Werner Fenchel

Moritz Werner Fenchel ( May 3, 1905 in Berlin, † January 24, 1988 in Copenhagen) was a Danish mathematician with German roots.

Fennel was the son of a merchant and studied from 1923 Mathematics and Physics ( with Erwin Schrödinger ) at the Humboldt University of Berlin, where he received his doctorate in 1928 at Ludwig Bieberbach (over curvature and torsion of closed space curves, Mathematische Annalen Bd.101, 1929, S .238 ). From 1928 to 1933 he was assistant to Edmund Landau at the University of Göttingen. In 1930, he worked as a Rockefeller Fellow guest stays in Copenhagen with Harald Bohr and Tommy BONNESEN and in Rome by Tullio Levi -Civita. In 1933 he fled as a Jew from the Nazis to Denmark, where he fought with translations and as an editor of the Zentralblatt für Mathematik and research associate at the Mathematical Seminar of the University of Copenhagen was before he taught at the Technical University in Copenhagen in 1938. From 1942 he was a lecturer in mathematics at the University of Copenhagen. In 1943 he fled to Sweden, where he taught until 1945 in Lund in the Danish school. From 1947 he was a lecturer at the Technical University in Copenhagen. From 1949 to 1951 he was in the U.S. at the University of Southern California, Stanford University and Princeton University. From 1952 he was professor of mechanics at the Technical University in Copenhagen and from 1956 professor at the University of Copenhagen. In 1974 he retired.

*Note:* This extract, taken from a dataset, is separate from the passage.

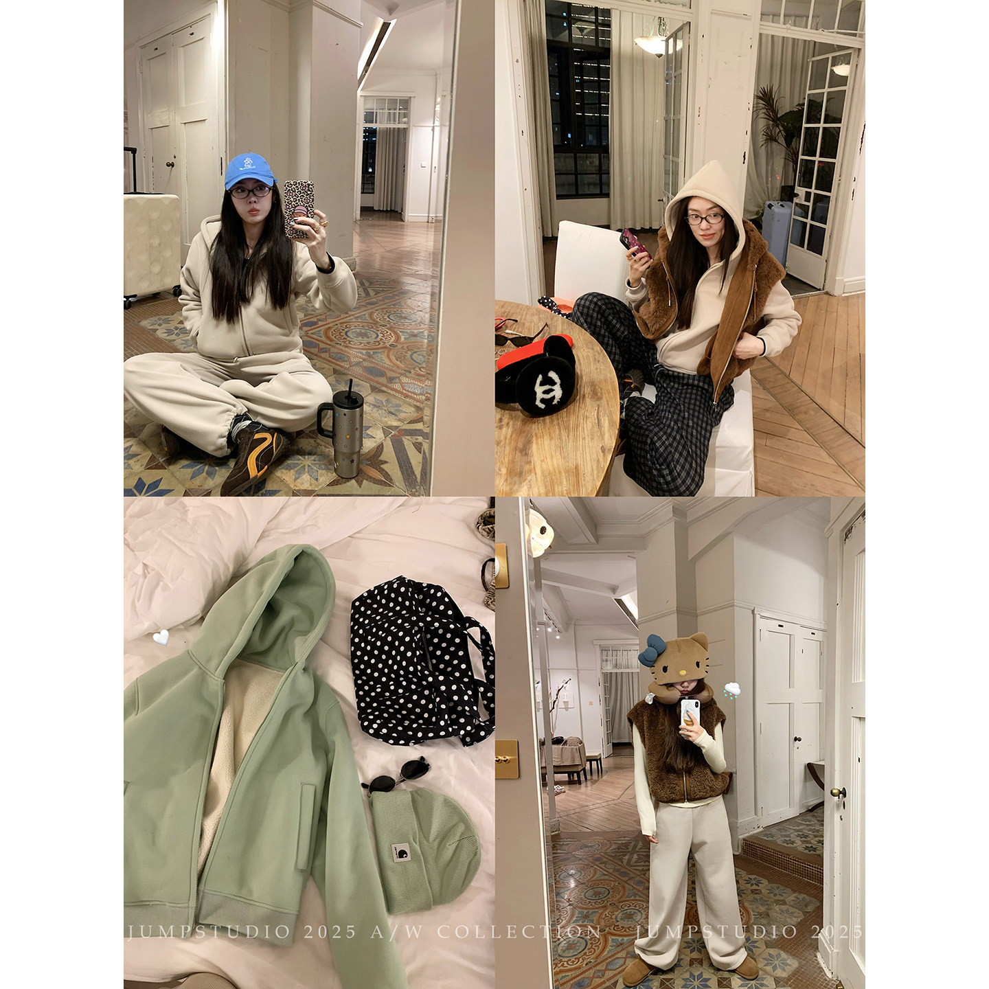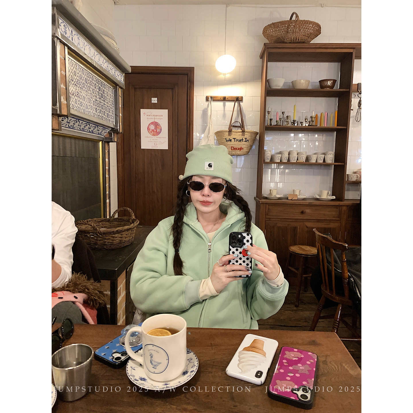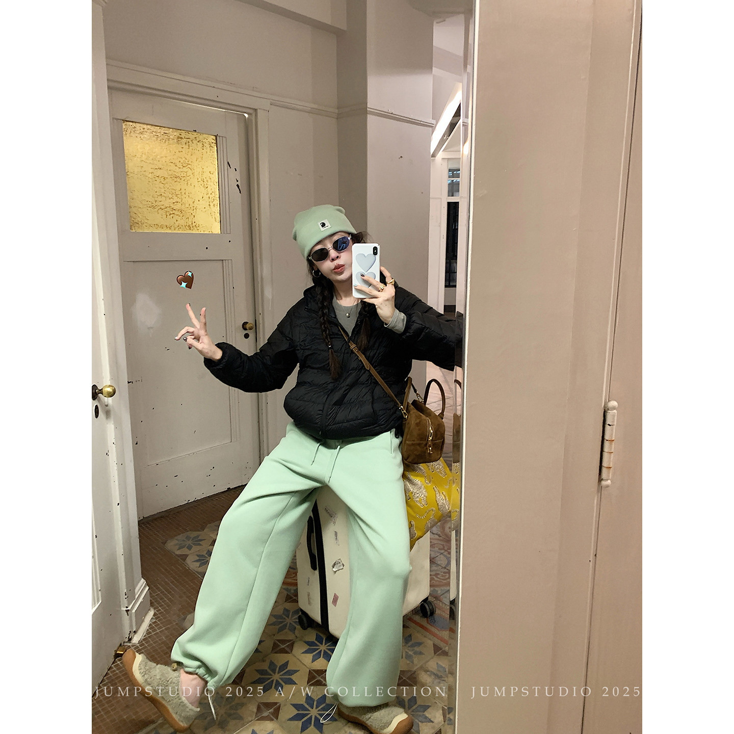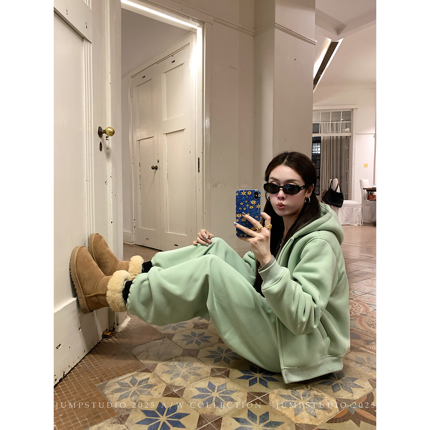 加绒连帽卫衣休闲裤 女冬季 两件套 清新苹果绿休闲运动套装 草莓跳

Fennel employed, inter alia, to with differential geometry, geometry of numbers and theory of convexity, and later with the discontinuous groups of motions in the Euclidean plane. With Jakob Nielsen, he is named for the Fenchel- Nielsen coordinates on Teichmüller space.

In 1946 he was admitted to the Royal Danish Academy of Sciences. He published the collected works of Jakob Nielsen.

He was married since 1933 with Kate Sperling ( 1905-1983 ), also a mathematician and Jewish woman who fled from Germany and the circumstances of the times could not graduate accordingly. She was in Berlin in 1928 her teacher's exam in mathematics, was at times a math teacher, published several papers on group theory and taught in the late 1960s in part-time at Aarhus University.

To fennel students Peter Scherk heard.

Writings

  • With T. BONNESEN: Theory of convex bodies. Results in mathematics, Springer -Verlag, 1934, 1974.
  • With T. BONNESEN: Elementary Geometry in hyperbolic space. de Gruyter 1989.
  • Memories from the period of study. In: Yearbook surveys mathematics. BI Publisher 1980.
  • Convexity through the ages. In: Gruber, Wills (Editor): Convexity and its applications. Birkhäuser 1983.